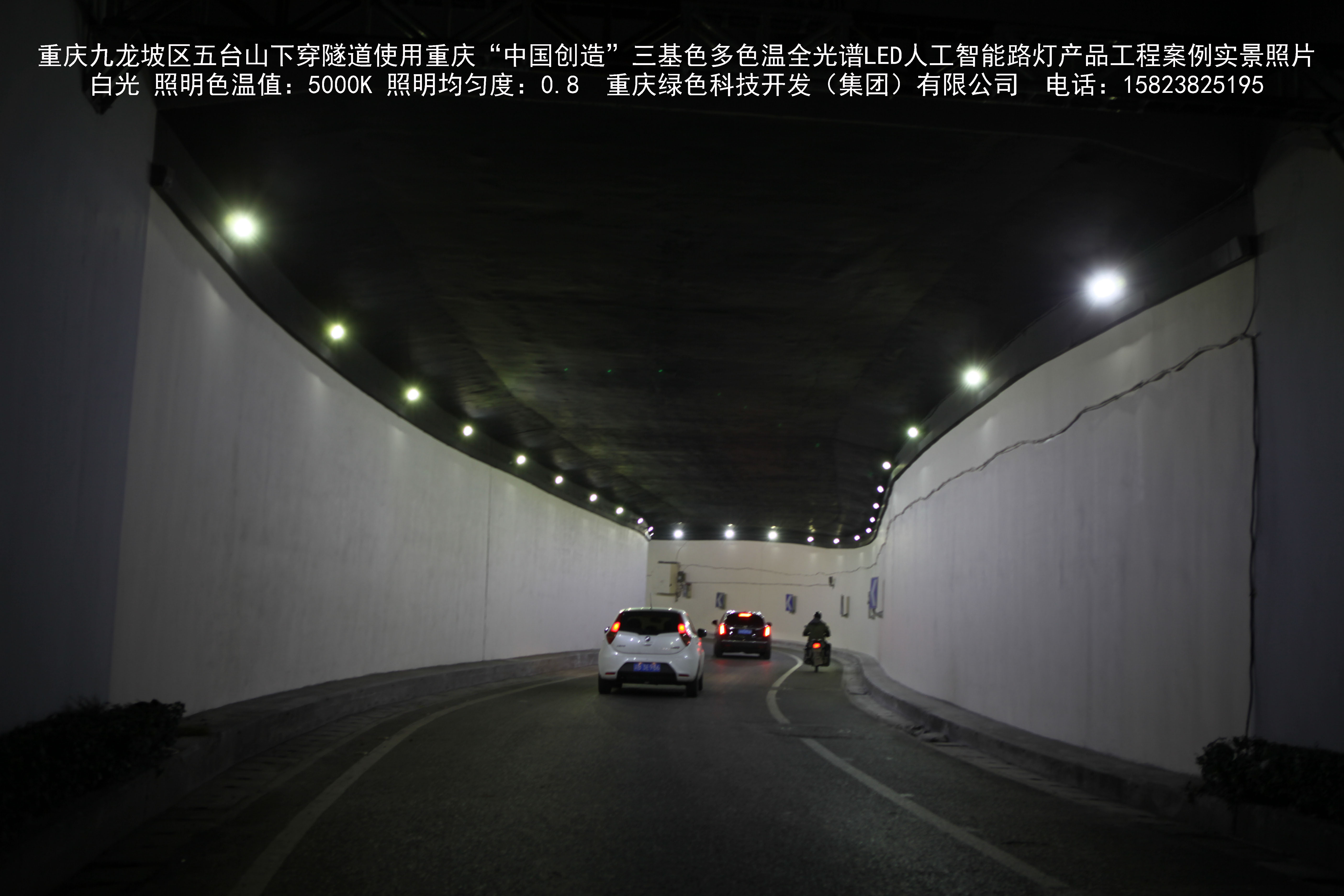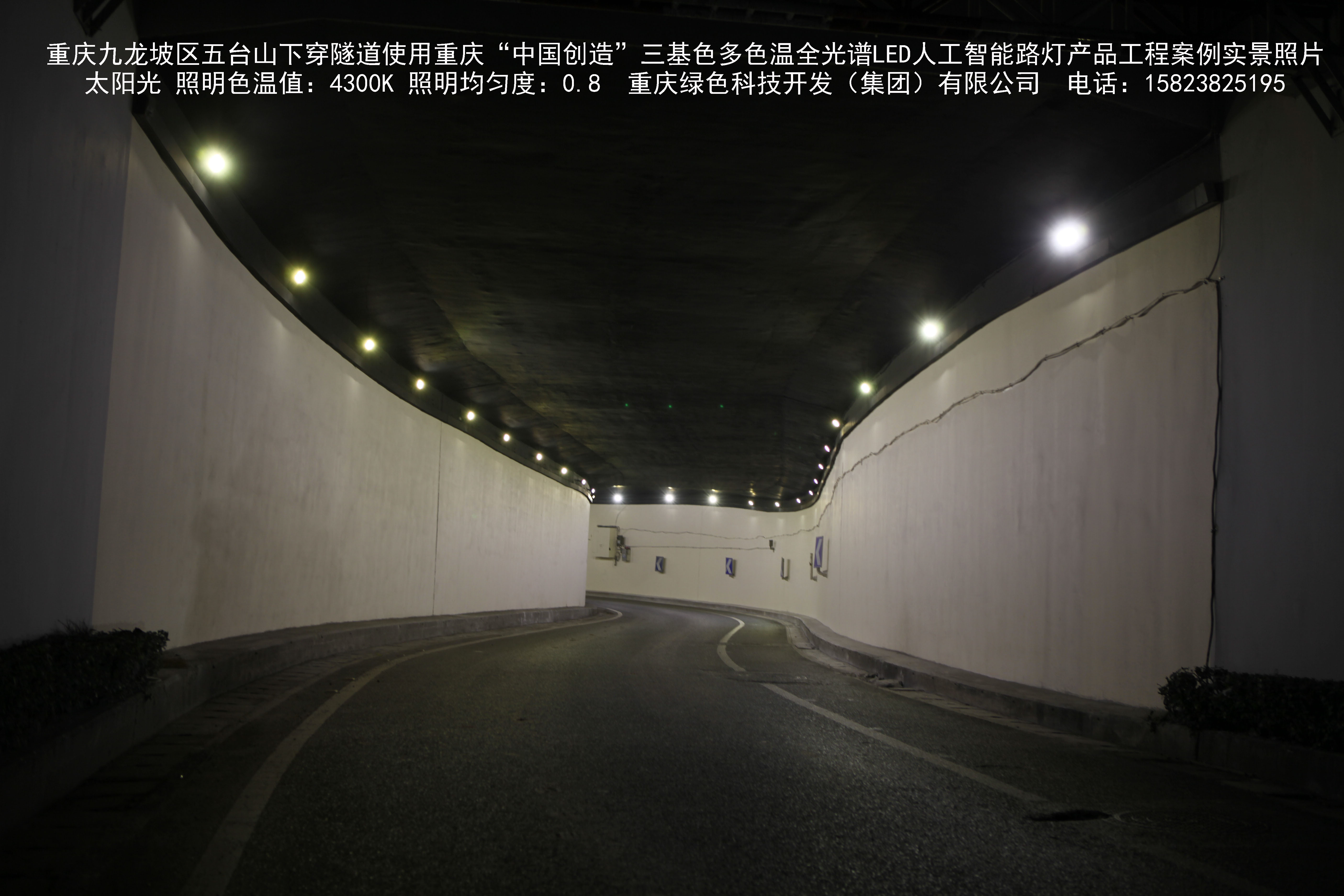 重慶市九龍坡區五臺山下穿隧道使用我司研造的重慶“中國創造” 三基色多色溫全光譜LED人工智能路燈產品工程案例
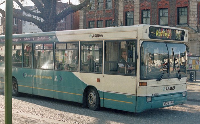 Down at Horsham Bus Station I saw Dart 3036 (ex DSL36) from Cranleigh. This had arrived on the two-hourly route 63 from Cranleigh, its usual run to judge by the route-dedication panels. I pondered that the Dennis Dart has probably done more than other design to keep British bus manufacturing afloat since its introduction in 1990. I wonder how long it will be before these start going into preservation. A few minutes later it was pausing in the Carfax on Horsham local route 98 to Roffey (Lambs Farm Road), a filler duty between its longer runs on the 63.
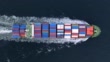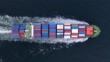Aerial view container ship sailing on sea to transport cargo at port. - 4K stock video
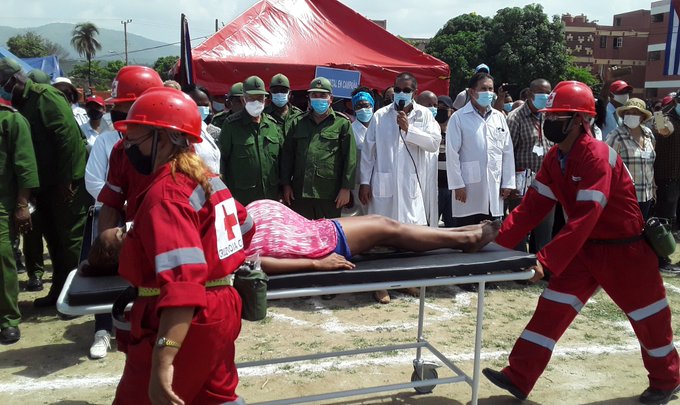 Actualización en torno al comportamiento de la actividad sísmica en el Sur Oriente cubano, intercambio con miembros de una formación de fuerzas y medios de rescate, salvamento y orden interior que responderá ante sismos de gran intensidad, así como un ejercicio de recepción de lesionados por un sismo de gran intensidad en el hospital de campaña emplazado en el área deportiva de Nuevo Vista Alegre, fueron cuestiones desarrolladas este domingo en Santiago de Cuba en el contexto del Meteoro 2022, según refirió en Twitter Monteagudo Ruiz.
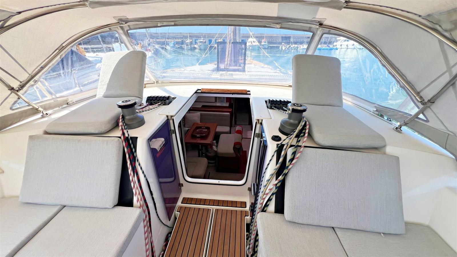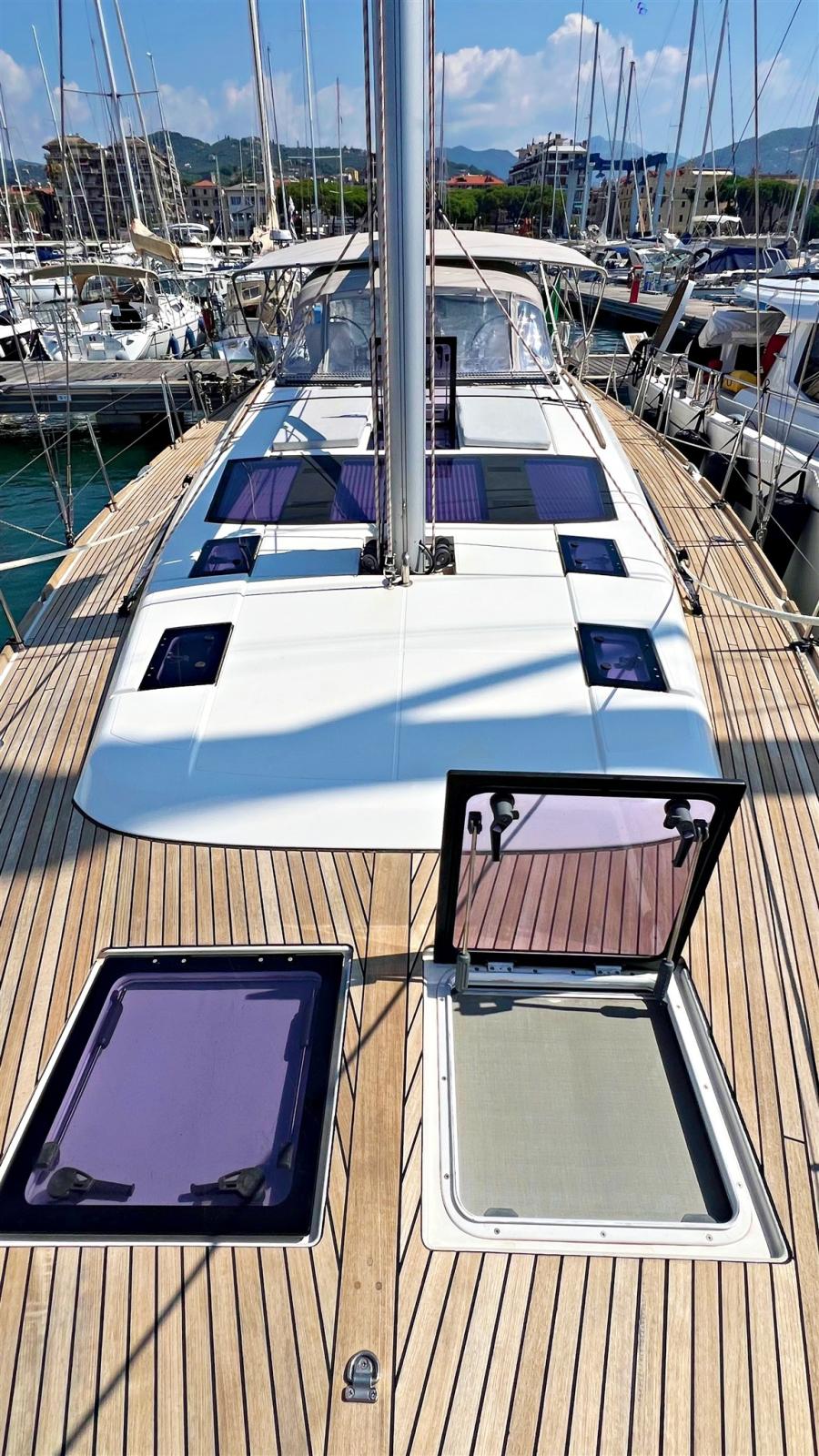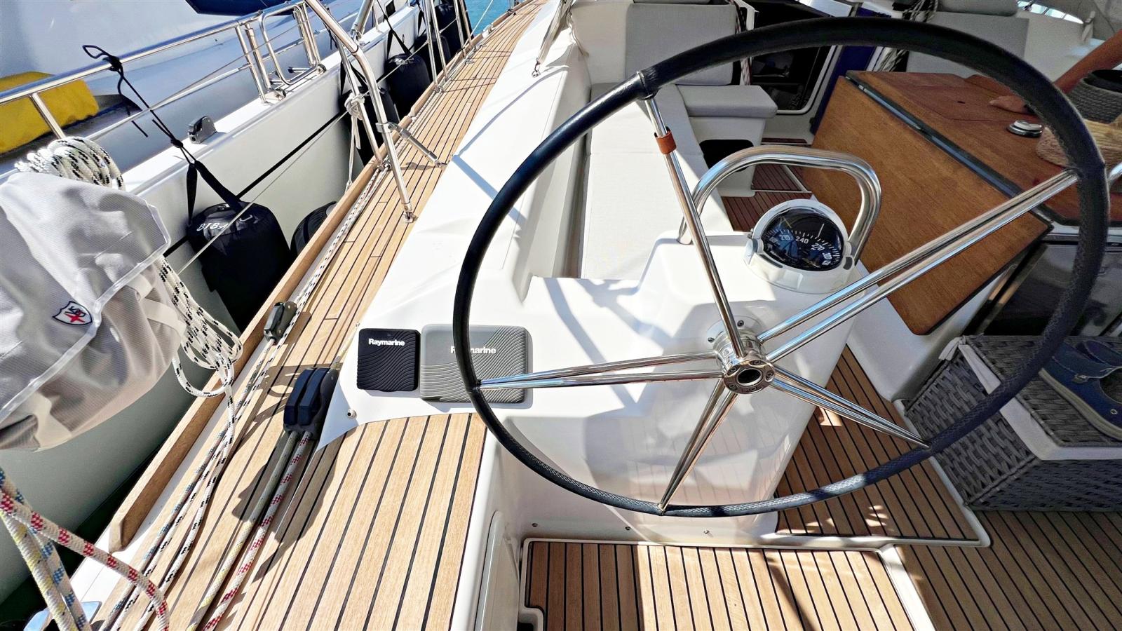 Ancre (Delta), Eau sous pression, 5 Batteries (2025), Passavant en teck, Douche de cockpit, Double barre à roue, Passerelle (idraulica Besenzoni), Pompe de cale manuelle, Cockpit en teck, Prise de quai, Guindeau électrique, Gréement monotoron, Echelle de bain, Chaise support HB, table de cockpit, Winch, 3 Winch électrique, Winch électrique avant, Windex.
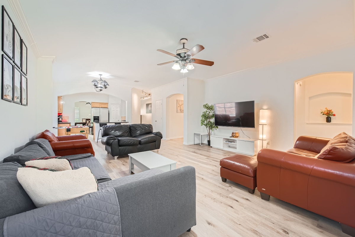 Welcome to our charming Airbnb home in Leander, just a stone's throw away from Austin! This spacious and inviting retreat offers the perfect blend of relaxation and entertainment, making it an ideal choice for your stay. The home is in a great location and is less than five minutes from 183A, Grocery Stores, Shopping, The Cedar Park Center and The Crossover. We are also less than 20 minutes from the Domain and 30 minutes from downtown Austin.
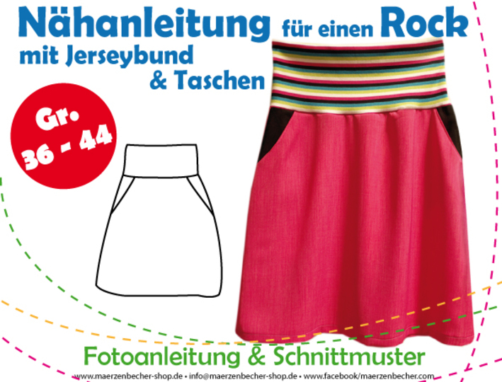 Eine reich bebilderte Foto-Nähanleitung für einen bequemen Rrock mit Jerseybund & Taschen.

## TASK
An exact copy of the lines from the line containing "Welcome to our" through the final line of the listing, without pictures, is the expected result.

## OUTPUT
 Welcome to our charming Airbnb home in Leander, just a stone's throw away from Austin! This spacious and inviting retreat offers the perfect blend of relaxation and entertainment, making it an ideal choice for your stay. The home is in a great location and is less than five minutes from 183A, Grocery Stores, Shopping, The Cedar Park Center and The Crossover. We are also less than 20 minutes from the Domain and 30 minutes from downtown Austin.
 Eine reich bebilderte Foto-Nähanleitung für einen bequemen Rrock mit Jerseybund & Taschen.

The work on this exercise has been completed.